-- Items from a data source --
== Segment start ==

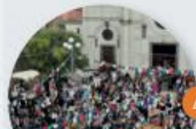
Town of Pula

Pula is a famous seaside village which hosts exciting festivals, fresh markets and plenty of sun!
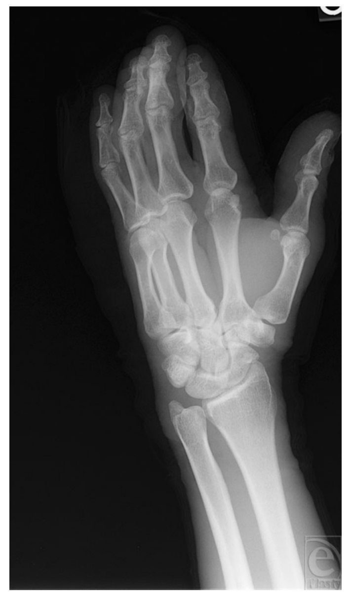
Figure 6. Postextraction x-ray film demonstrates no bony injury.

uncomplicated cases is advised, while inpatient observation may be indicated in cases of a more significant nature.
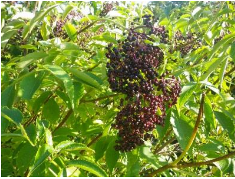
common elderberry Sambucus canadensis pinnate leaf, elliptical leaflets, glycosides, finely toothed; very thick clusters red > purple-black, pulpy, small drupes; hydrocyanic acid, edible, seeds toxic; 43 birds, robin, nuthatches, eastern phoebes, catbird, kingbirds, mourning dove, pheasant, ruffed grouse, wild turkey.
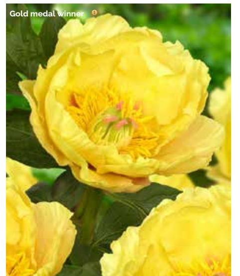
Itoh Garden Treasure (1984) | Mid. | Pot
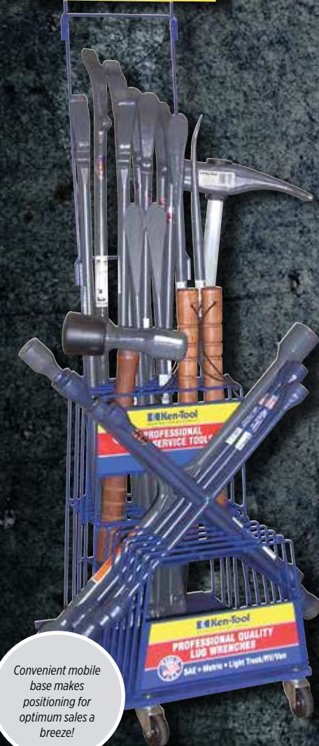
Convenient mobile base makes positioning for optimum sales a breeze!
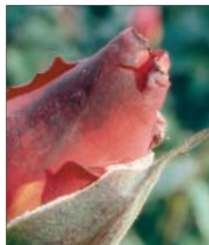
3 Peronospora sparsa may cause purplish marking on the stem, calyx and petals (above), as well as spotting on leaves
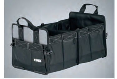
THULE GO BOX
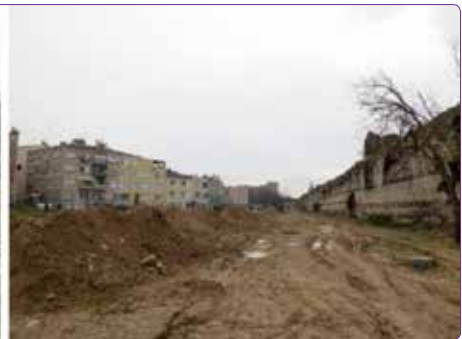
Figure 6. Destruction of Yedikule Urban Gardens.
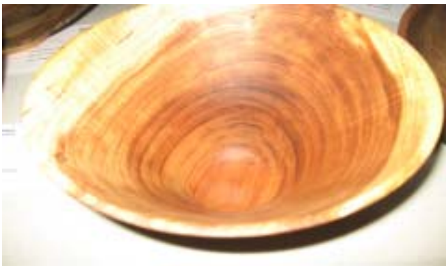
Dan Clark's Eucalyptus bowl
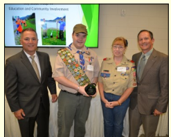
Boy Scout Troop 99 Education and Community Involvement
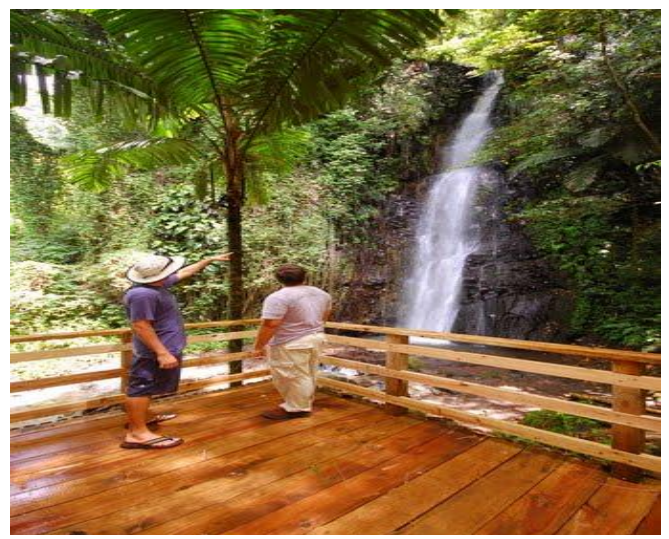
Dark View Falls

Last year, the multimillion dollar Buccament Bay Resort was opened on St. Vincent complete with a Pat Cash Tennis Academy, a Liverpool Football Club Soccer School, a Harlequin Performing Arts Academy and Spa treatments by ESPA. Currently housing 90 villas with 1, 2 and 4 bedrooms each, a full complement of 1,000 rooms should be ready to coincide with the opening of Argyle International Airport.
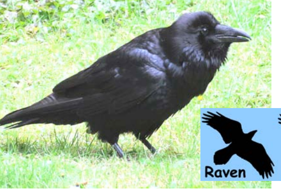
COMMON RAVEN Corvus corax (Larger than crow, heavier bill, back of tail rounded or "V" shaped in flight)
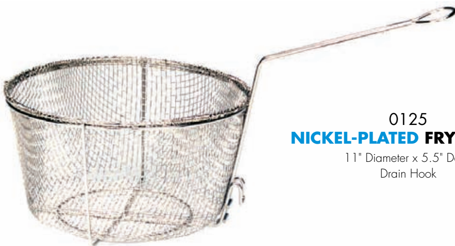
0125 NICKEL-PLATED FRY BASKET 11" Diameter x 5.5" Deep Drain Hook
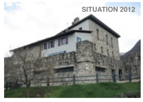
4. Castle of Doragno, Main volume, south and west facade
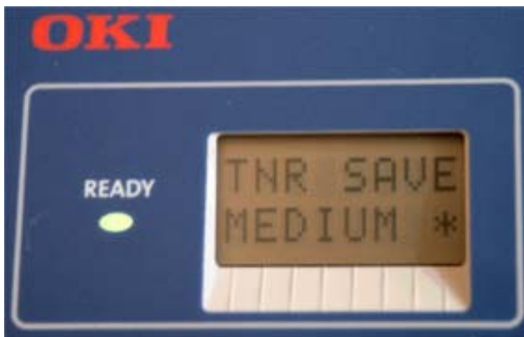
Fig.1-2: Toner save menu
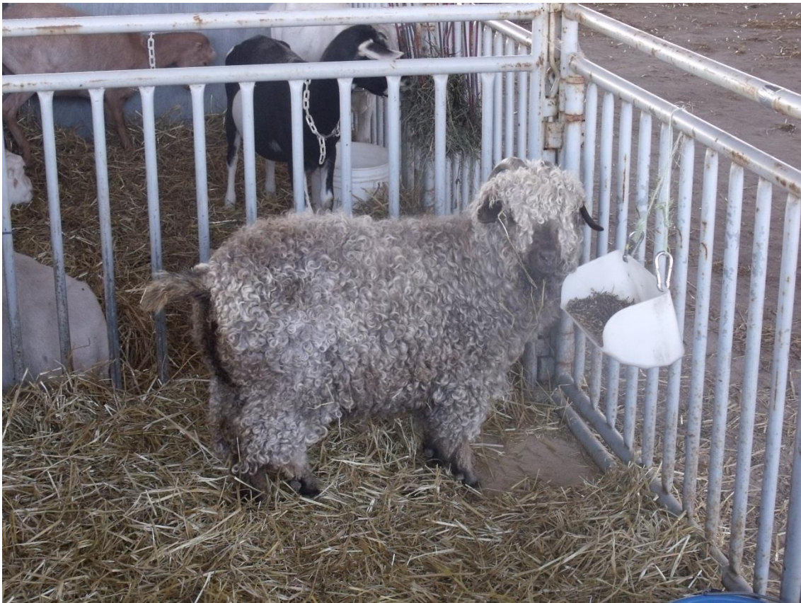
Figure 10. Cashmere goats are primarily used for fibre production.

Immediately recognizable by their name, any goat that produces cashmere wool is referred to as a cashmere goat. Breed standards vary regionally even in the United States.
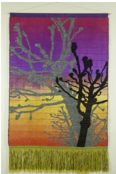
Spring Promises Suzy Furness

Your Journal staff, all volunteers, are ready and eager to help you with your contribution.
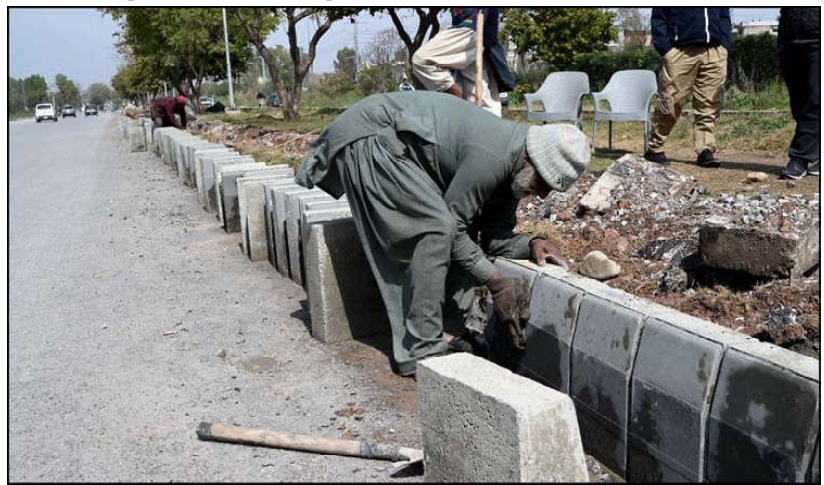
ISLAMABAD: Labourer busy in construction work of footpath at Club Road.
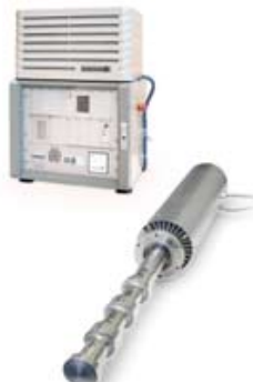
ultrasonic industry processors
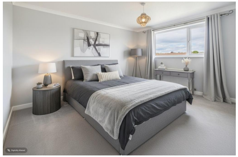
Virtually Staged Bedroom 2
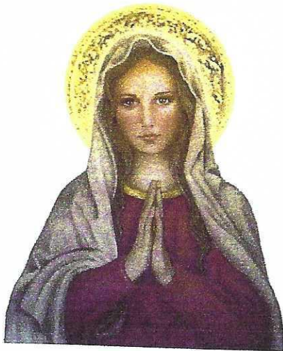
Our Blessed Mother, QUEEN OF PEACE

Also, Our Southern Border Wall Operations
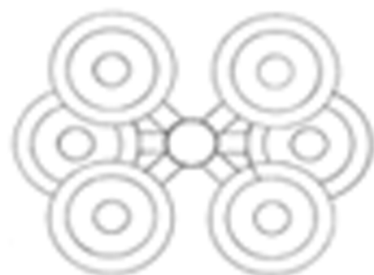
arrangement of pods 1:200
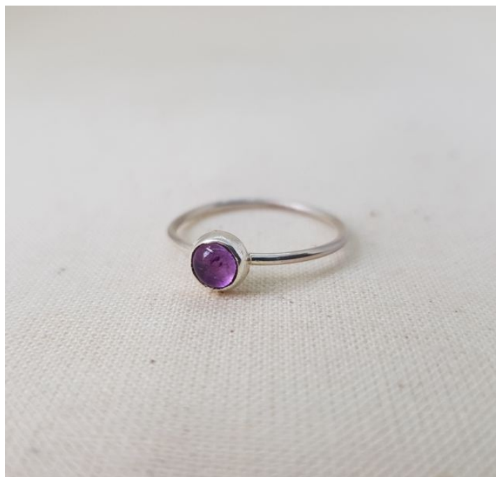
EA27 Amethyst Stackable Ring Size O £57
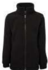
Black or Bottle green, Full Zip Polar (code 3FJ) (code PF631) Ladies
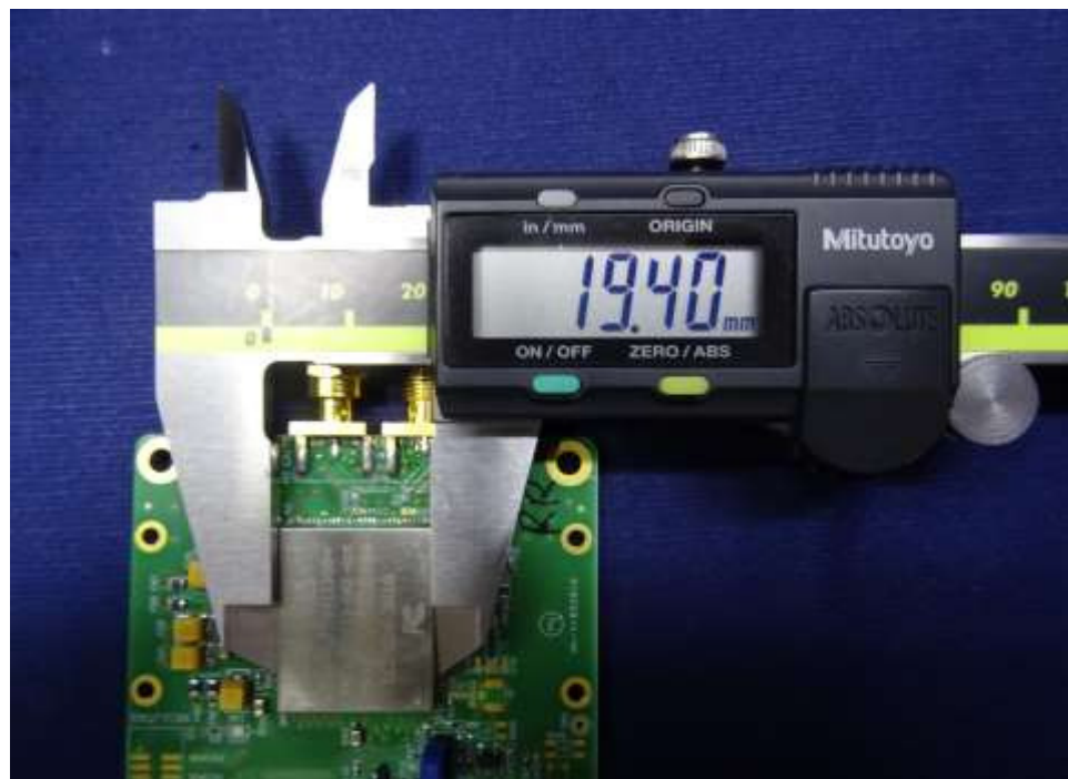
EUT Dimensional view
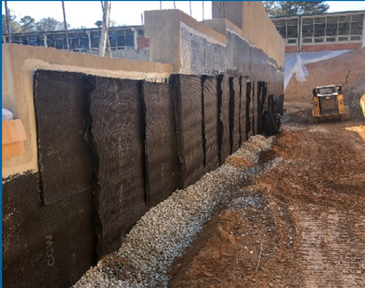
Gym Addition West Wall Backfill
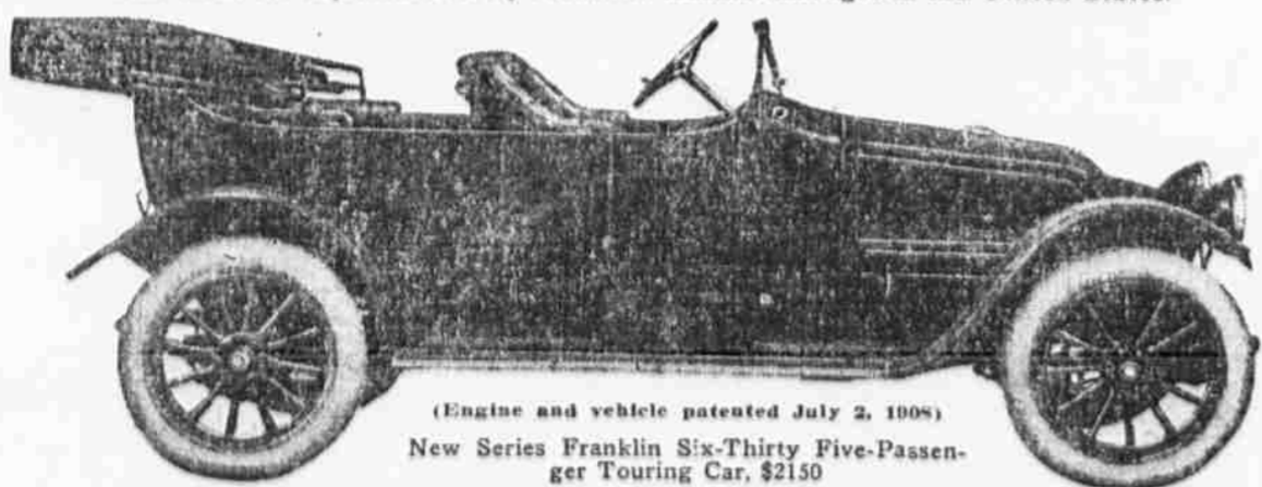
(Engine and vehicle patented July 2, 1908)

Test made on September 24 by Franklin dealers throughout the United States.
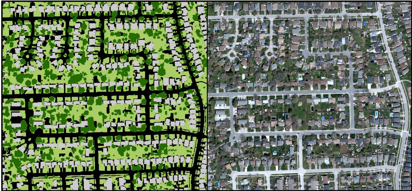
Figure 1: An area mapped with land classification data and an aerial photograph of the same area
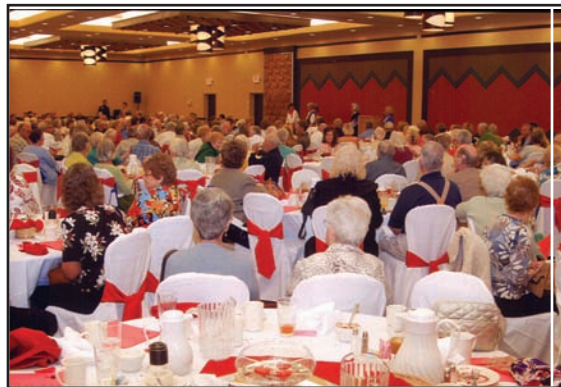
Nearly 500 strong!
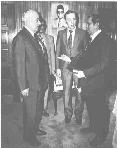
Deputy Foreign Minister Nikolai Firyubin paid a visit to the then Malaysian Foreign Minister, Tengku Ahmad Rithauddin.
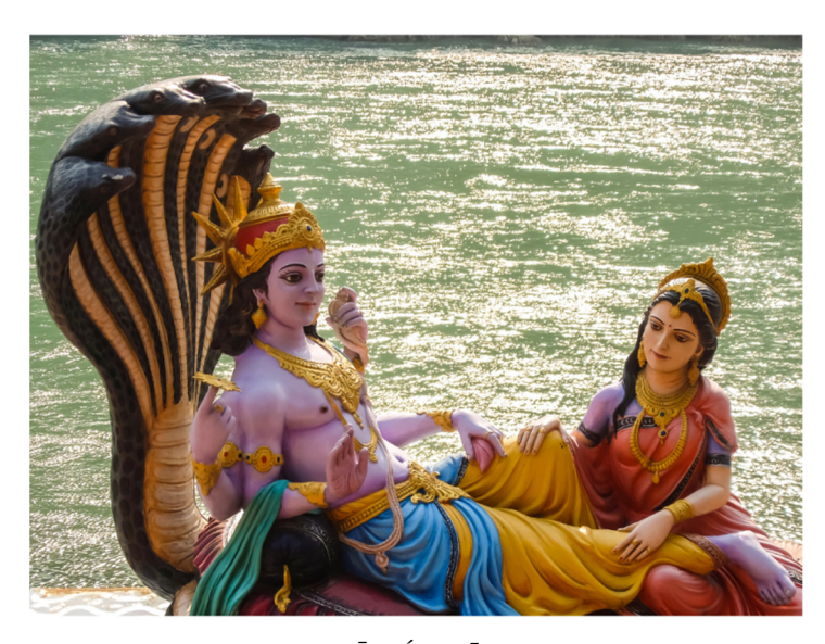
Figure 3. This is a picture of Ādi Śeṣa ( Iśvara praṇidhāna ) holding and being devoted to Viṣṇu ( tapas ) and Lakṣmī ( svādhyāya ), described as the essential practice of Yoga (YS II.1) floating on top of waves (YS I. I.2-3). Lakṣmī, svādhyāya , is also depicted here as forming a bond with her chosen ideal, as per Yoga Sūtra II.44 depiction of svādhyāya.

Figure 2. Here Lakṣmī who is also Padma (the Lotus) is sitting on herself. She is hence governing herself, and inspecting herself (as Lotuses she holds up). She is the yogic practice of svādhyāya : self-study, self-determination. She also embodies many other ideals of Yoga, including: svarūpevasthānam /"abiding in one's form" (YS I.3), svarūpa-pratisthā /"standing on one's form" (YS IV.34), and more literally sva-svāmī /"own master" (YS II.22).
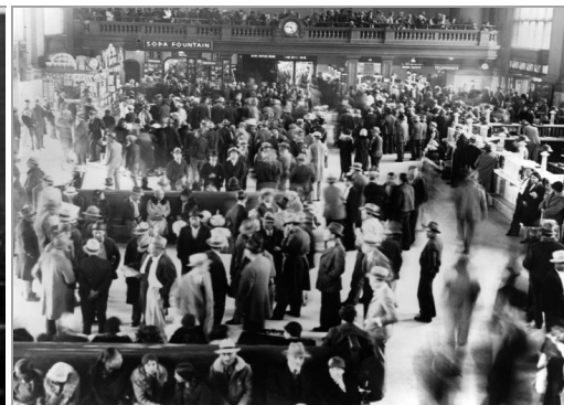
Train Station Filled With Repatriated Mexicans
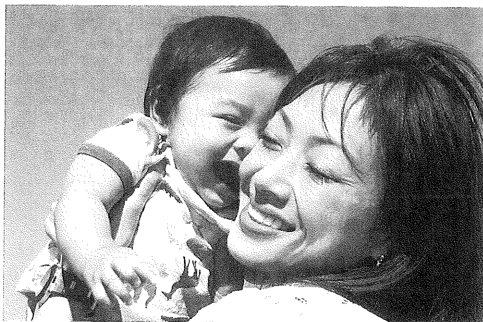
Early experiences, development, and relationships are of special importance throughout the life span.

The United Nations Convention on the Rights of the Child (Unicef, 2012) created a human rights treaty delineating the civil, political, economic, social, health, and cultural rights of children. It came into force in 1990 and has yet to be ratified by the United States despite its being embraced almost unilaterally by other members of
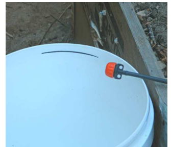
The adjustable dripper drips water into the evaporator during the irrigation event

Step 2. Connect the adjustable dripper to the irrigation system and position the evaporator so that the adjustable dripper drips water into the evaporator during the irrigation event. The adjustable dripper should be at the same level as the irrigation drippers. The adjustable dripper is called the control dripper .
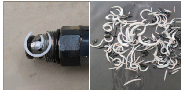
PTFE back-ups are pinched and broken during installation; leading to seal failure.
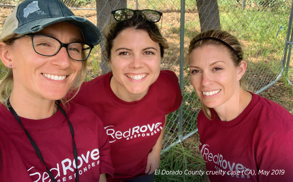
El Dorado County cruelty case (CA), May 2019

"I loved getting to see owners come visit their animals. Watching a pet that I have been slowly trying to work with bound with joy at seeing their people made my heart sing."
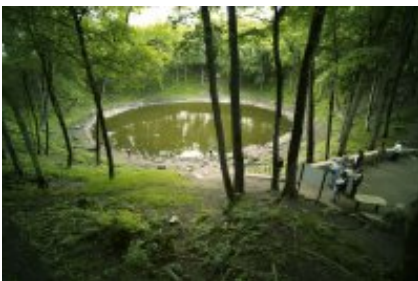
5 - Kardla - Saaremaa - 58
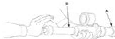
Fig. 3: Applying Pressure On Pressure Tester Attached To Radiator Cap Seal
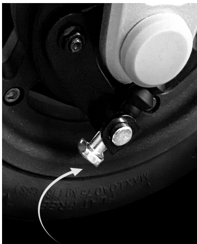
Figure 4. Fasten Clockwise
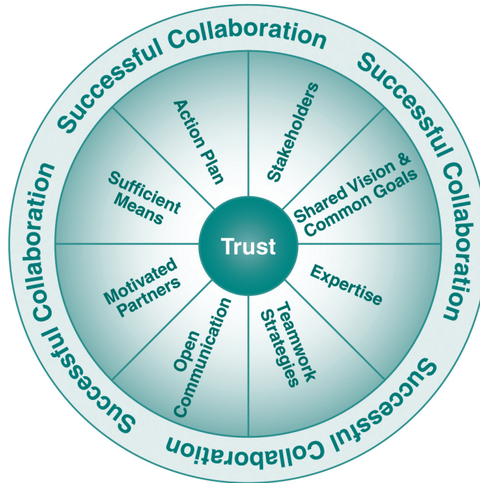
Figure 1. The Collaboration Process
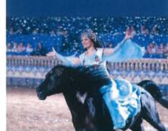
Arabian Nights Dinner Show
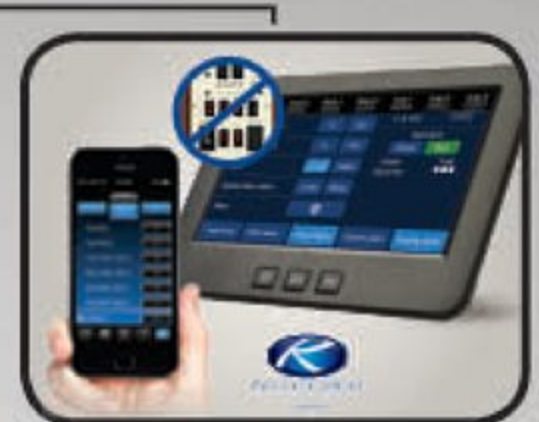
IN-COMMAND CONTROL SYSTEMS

== Segment end ==

-- What needs to be done --
Read through the entries, then copy every line where the string "their" is found.

-- Reply --
Immediately recognizable by their name, any goat that produces cashmere wool is referred to as a cashmere goat. Breed standards vary regionally even in the United States.
"I loved getting to see owners come visit their animals. Watching a pet that I have been slowly trying to work with bound with joy at seeing their people made my heart sing."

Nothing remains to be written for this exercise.